A look at concurrency and parallelism support in MS Visual Studio beta 2

Dr. Dobb’s has a review today that takes a look at the progress MS is making supporting developers struggling to add effective support for concurrency in their apps

Microsoft logoIf you want to translate multicore power into application performance, you have to make sure your concurrent software threads are running on hardware threads taking advantage of parallelism. Visual Studio 2010 Beta 2 improved many profiling reports related to parallelism and concurrency.
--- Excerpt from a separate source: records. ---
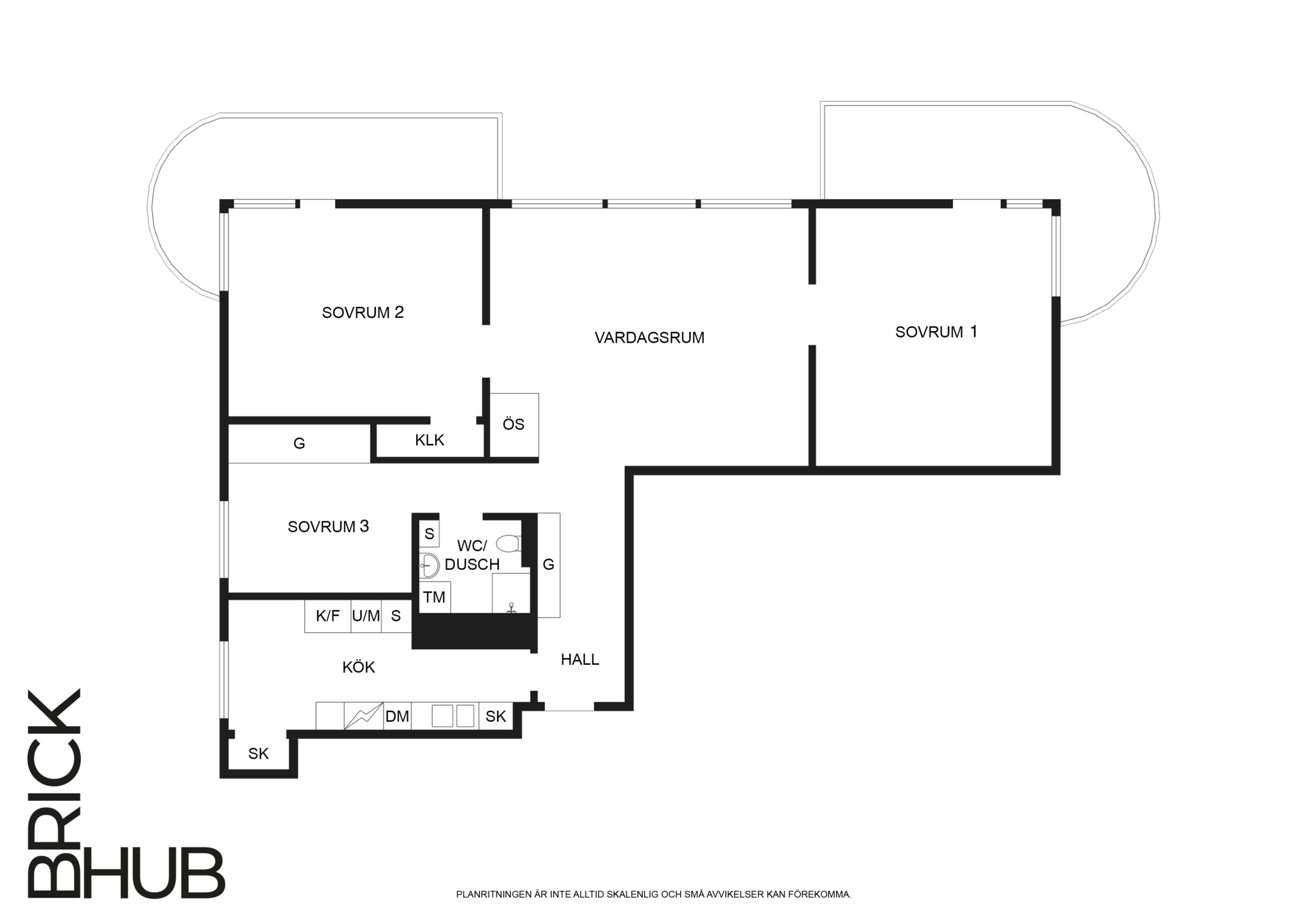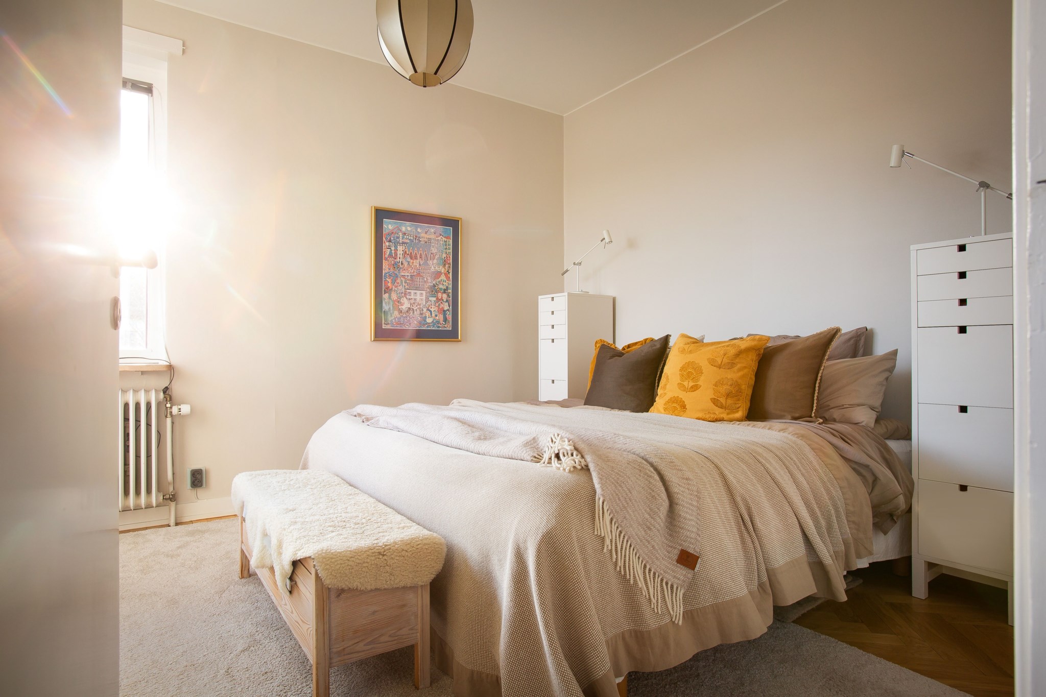 Fiskbensparkett och ljusmålade väggar. Plats för dubbelsäng med sängbord eller Soffgrupp och läshörna. Utgång till den andra hörnbalkongen.
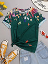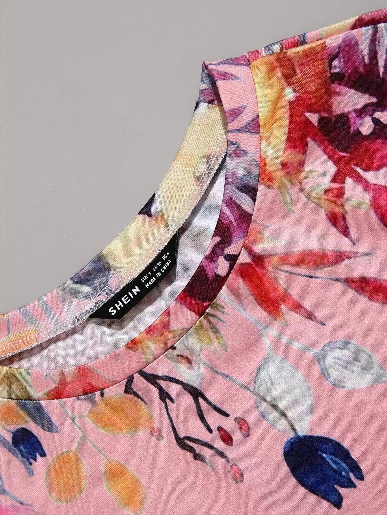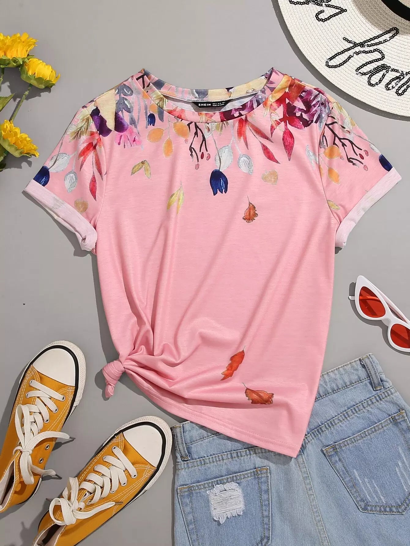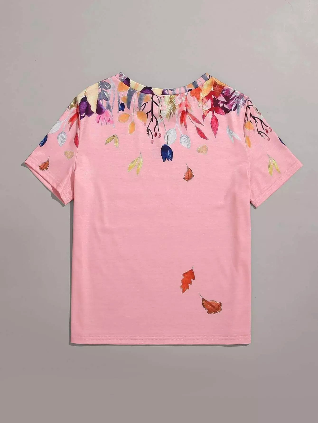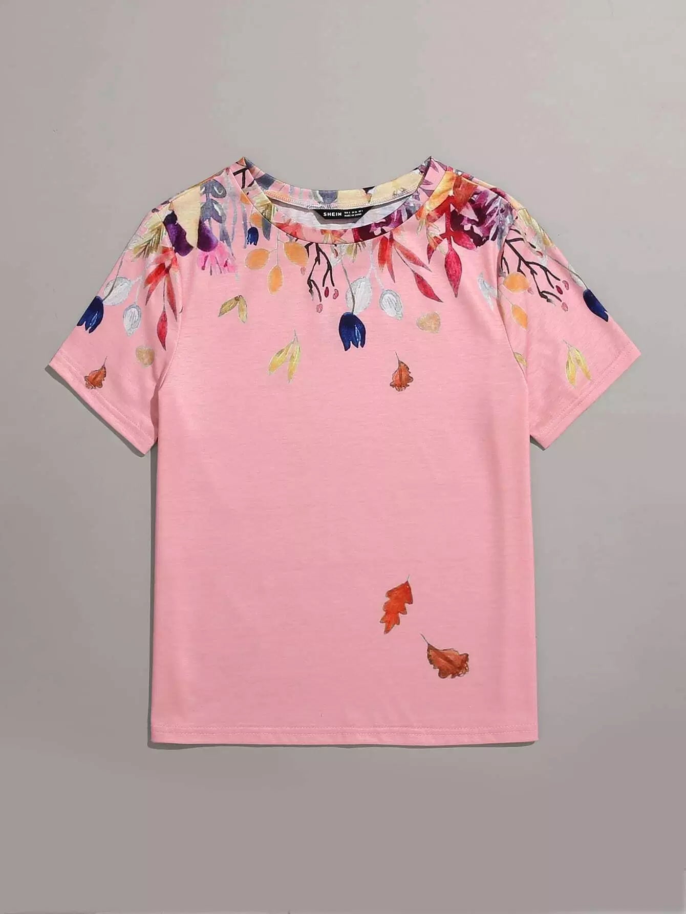 تي شيرت برقبة مستديرة مطبوع عليه نباتات زائد
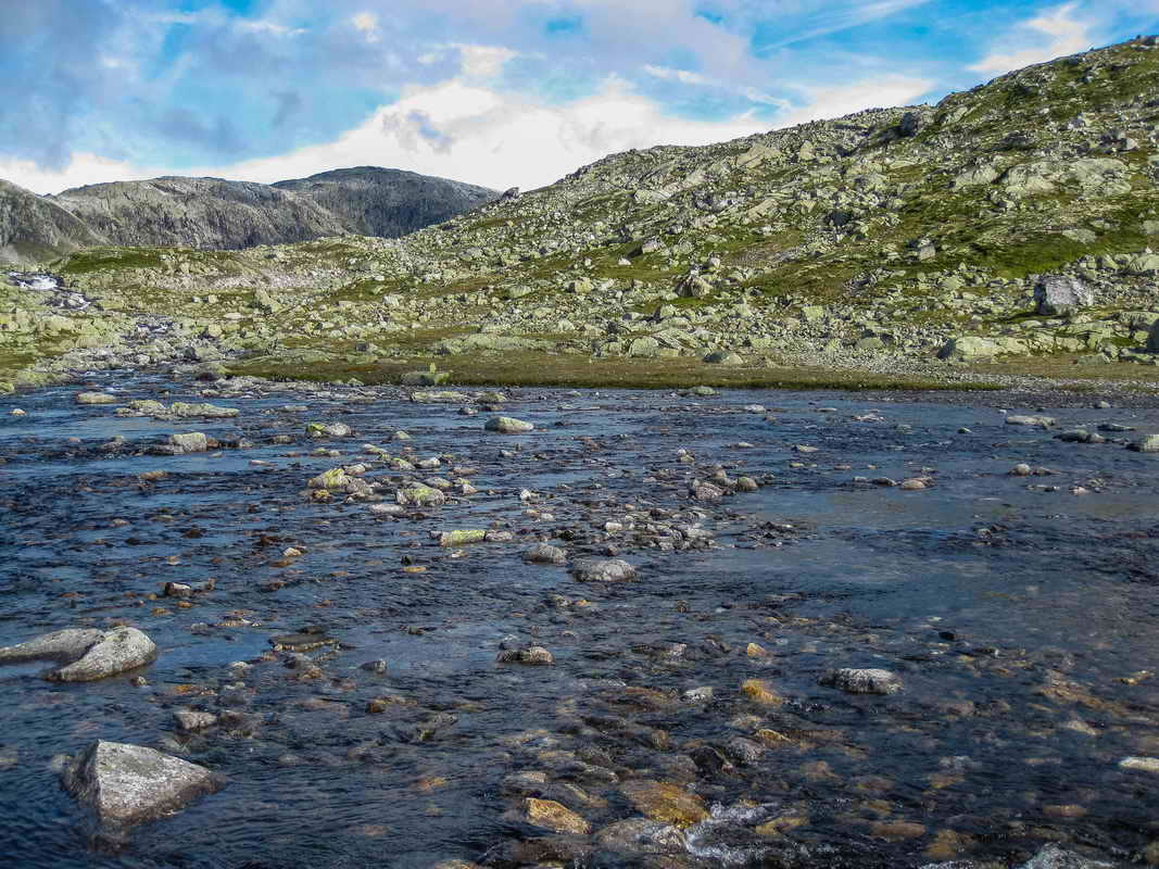 Her skal jeg over. Hopper fra stein til stein og det går bra

The IDE uses the name Concurrency. However, I’d rather talk about both parallelism and concurrency. When you create a multithreaded application, using task-based programming or raw threads, you’re creating concurrent code. Nonetheless, it doesn’t mean that the concurrent code is going to run in parallel all the time. It depends on the decisions taken by the operating system scheduler, the underlying hardware and the synchronization problems, among others. Therefore, it is necessary to evaluate whether the programmed concurrency is taking advantage of certain parallel hardware capabilities. Are the software threads running in parallel taking advantage of the existing hardware threads? The new Concurrency profiling tools offered by Visual Studio 2010 Beta 2 provide nice information to answer this question. Again, this tool allows you to visualize parallelism and concurrency, not just concurrency.